Note: HA operation assumes high availability for three zones.
If you set the Data collection toggle to Off, you will see a message stating that you need to enable logs data collection to see the resource management overview. When data collection is off, no slots are used by that integration.
-
-
Click Save.
You have created a Mezmo integration in your instance. After you create your integration, you must enable the data collection to connect your integration with the AI of IBM Cloud Pak for AIOps. For more information about enabling your integration, see Enabling Mezmo integrations.
To create more integrations (such as a ChatOps integration), see Configuring Integrations.
For more information about working with the insights provided by your integrations, see ChatOps insight management.
Enabling and disabling Mezmo integrations
If you did not enable your data collection during creation, you can enable your integration afterward. You can also disable a previously enabled integration the same way. If you selected Live data for initial AI training when you created your integration, you must disable the integration before AI model training. To enable or disable a created integration, complete the following steps:
-
Log in to IBM Cloud Pak for AIOps console.
-
Expand the navigation menu (four horizontal bars), then click Define > Integrations.
-
On the Manage integrations tab of the Integrations page, click the Mezmo integration type.
-
Click the integration that you want to enable or disable.
-
Go to the AI training and log data section. Set Data collection to On or Off to enable or disable data collection. Disabling data collection for an integration does not delete the integration.
You enabled or disabled your integration. For more information about deleting a integration, see Deleting Mezmo integrations.
Editing Mezmo integrations
After you create your integration, your can edit the integration. For example, if you specified Historical data for initial AI training but now want your integration to pull in live data for continuous monitoring, you can edit it. To edit a integration, complete the following steps:
-
Log in to IBM Cloud Pak for AIOps console.
-
Expand the navigation menu (four horizontal bars), then click Define > Integrations.
-
Click the Mezmo integration type on the Manage integrations tab of the Integrations page.
-
On the Mezmo integrations page, click the name of the integration that you want to edit. Alternatively, you can click the options menu (three vertical dots) for the integration and click Edit. The integration configuration opens.
-
Edit your integration as required. Click Save when you are done editing.
Your integration is now edited. If your application was not previously enabled or disabled, you can enable or disable the integration directly from the interface. For more information about enabling and disabling your integration, see Enabling and disabling Mezmo integrations. For more information about deleting a integration, see Deleting Mezmo integrations.
Deleting Mezmo integrations
If you no longer need your Mezmo integration and want to not only disable it, but delete it entirely, you can delete the integration from the console.
Note: You must disable data collection before you delete your integration. For more information about disabling data collection, see Enabling and disabling Mezmo integrations.

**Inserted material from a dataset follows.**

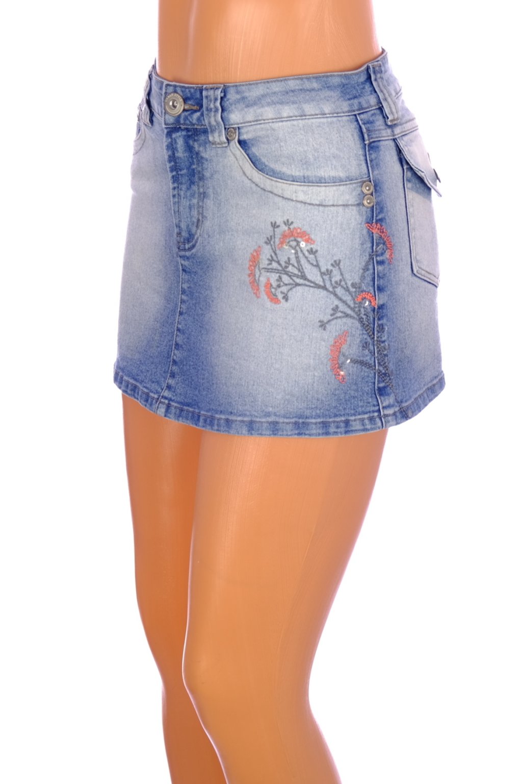 Sukně riflové modré s kytičkama vel. 32 / XS

To delete a integration, complete the following steps:
-
Log in to IBM Cloud Pak for AIOps console.
-
Expand the navigation menu (four horizontal bars), then click Define > Integrations.
-
Click the Mezmo integration type on the Manage integrations tab of the Integrations page.
-
On the Mezmo integrations page, click the options menu (three vertical dots) for the integration that you want to delete and click Delete.
-
Enter the name of the integration to confirm that you want to delete your integration. Then, click Delete.
Your integration is deleted.
Note: If you manually send Mezmo logs from an archive, the model performs as expected only on other logs that are sent from the archive. Mixing archived data and data from the active service instance results in lower quality models.